Set down exactly the lines below, starting at the one that contains "Hoy miércoles 07" and ending at the one that contains "Kitchen(cooker(electric), hood, coffee", with both of those lines included and nothing else.
PROVIDED ENTRIES below:
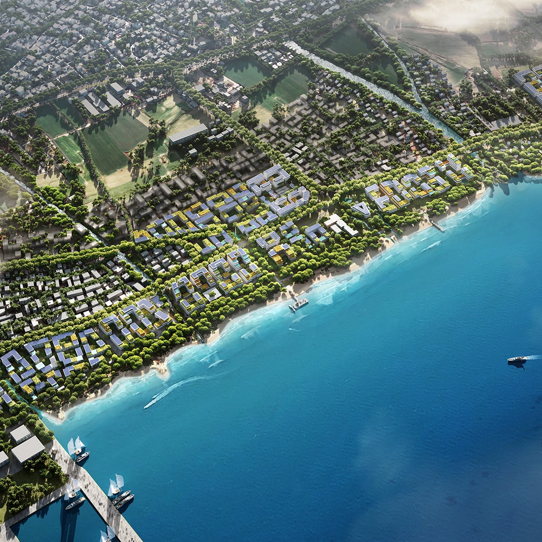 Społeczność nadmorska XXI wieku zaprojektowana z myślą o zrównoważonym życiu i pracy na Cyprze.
End of PROVIDED ENTRIES.
PROVIDED ENTRIES below:
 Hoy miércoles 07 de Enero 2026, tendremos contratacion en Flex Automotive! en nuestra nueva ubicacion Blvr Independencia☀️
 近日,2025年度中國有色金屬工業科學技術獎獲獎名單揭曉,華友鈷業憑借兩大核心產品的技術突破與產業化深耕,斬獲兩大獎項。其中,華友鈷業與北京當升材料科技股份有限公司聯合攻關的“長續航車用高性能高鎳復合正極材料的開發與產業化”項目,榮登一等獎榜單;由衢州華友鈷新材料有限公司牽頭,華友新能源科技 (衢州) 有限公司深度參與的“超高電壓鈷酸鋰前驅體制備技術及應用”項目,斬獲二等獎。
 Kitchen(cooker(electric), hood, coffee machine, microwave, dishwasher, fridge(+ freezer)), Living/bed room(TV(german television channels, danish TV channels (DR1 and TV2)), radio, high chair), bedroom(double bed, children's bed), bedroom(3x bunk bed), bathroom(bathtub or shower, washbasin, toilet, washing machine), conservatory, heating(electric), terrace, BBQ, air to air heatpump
End of PROVIDED ENTRIES.
#### RESPONSE
 Hoy miércoles 07 de Enero 2026, tendremos contratacion en Flex Automotive! en nuestra nueva ubicacion Blvr Independencia☀️
 近日,2025年度中國有色金屬工業科學技術獎獲獎名單揭曉,華友鈷業憑借兩大核心產品的技術突破與產業化深耕,斬獲兩大獎項。其中,華友鈷業與北京當升材料科技股份有限公司聯合攻關的“長續航車用高性能高鎳復合正極材料的開發與產業化”項目,榮登一等獎榜單;由衢州華友鈷新材料有限公司牽頭,華友新能源科技 (衢州) 有限公司深度參與的“超高電壓鈷酸鋰前驅體制備技術及應用”項目,斬獲二等獎。
 Kitchen(cooker(electric), hood, coffee machine, microwave, dishwasher, fridge(+ freezer)), Living/bed room(TV(german television channels, danish TV channels (DR1 and TV2)), radio, high chair), bedroom(double bed, children's bed), bedroom(3x bunk bed), bathroom(bathtub or shower, washbasin, toilet, washing machine), conservatory, heating(electric), terrace, BBQ, air to air heatpump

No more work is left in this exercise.